● What you have to do:
Output the lines of the records exactly, from the first through the one containing "鎖骨下の長さで前上がりのAラ". Omit all pictures.

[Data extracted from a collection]
——————
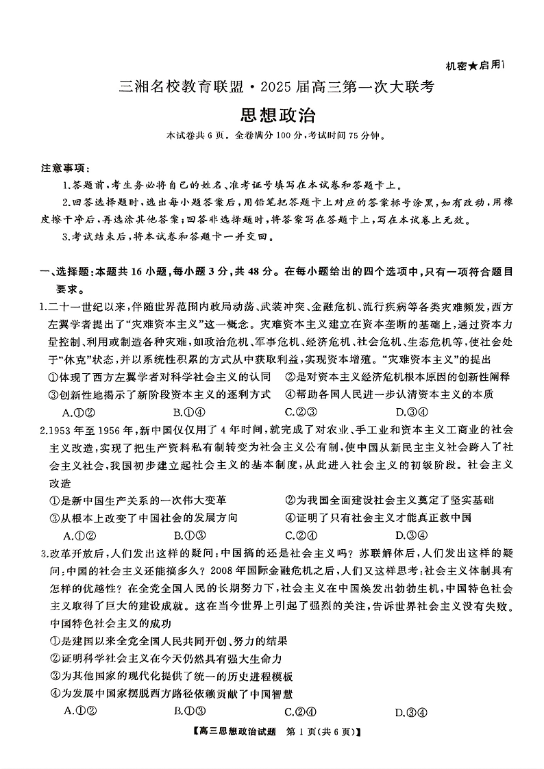 天壹名校联盟&三湘名校教育联盟2025届高三第一次联考 政治
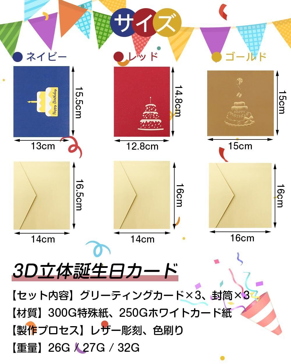 パッケージ内容:グリーティングカード*3(レッド*1、ネイビー*1、ゴールド*1)、封筒*3
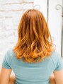 鎖骨下の長さで前上がりのAラインシルエットになるようにカットし、トップにレイヤー入れてふんわり可愛いくしました!カラーは明るめのオレンジベージュで明るく陽気な雰囲気にしました。パーマで目の高さからかけエアリーミディに!
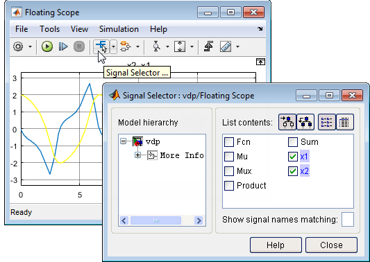 Прикрепление сигналов к блоку плавающей области или средству просмотра сигналов непосредственно из модели. См. раздел Добавление сигналов в существующую плавающую область или средство просмотра области.
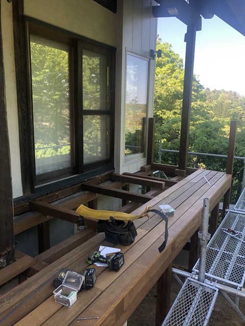 雨漏れ改修工事は完了し、仕上のデッキ工事に取り掛かっております。
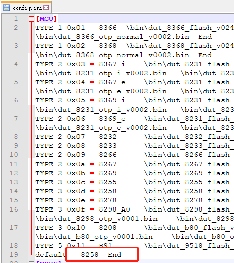 软件每次启动都要重新配置一次,可以修改软件目录下的配置文件configconfig.ini,比如我现在用的是8258芯片,设置为默认为8258芯片,auto mode的配置我没找
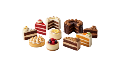 Collection of 4 set plate pile of little cake pastry dessert. French Financier almond, Madeleine Sponge, Canelé Canele, S'more smores on transparent cutout PNG file. Mockup template for artwork design
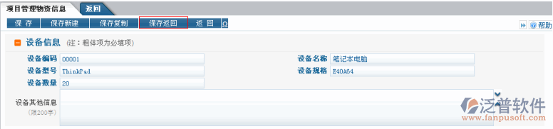 保存了數(shù)據(jù)之后在表單中可以看到所添加的項目物資信息,點擊【修改】按扭以對項目物資信息進行修改。
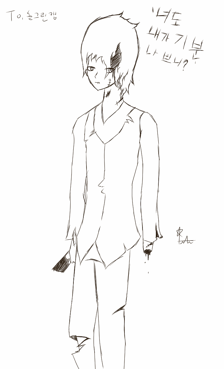 젤리곰님 아브스'내가 웃는건 거짓이다'해석:본 그림에는 아브스의 몸에 상처가 없지만 마음에는 상처가 여러군데 나있습니다는 망한...ㅠㅜ 지못미ㅠㅠㅠㅠㅠ<<
——————
● Task response:
 天壹名校联盟&三湘名校教育联盟2025届高三第一次联考 政治
 パッケージ内容:グリーティングカード*3(レッド*1、ネイビー*1、ゴールド*1)、封筒*3
 鎖骨下の長さで前上がりのAラインシルエットになるようにカットし、トップにレイヤー入れてふんわり可愛いくしました!カラーは明るめのオレンジベージュで明るく陽気な雰囲気にしました。パーマで目の高さからかけエアリーミディに!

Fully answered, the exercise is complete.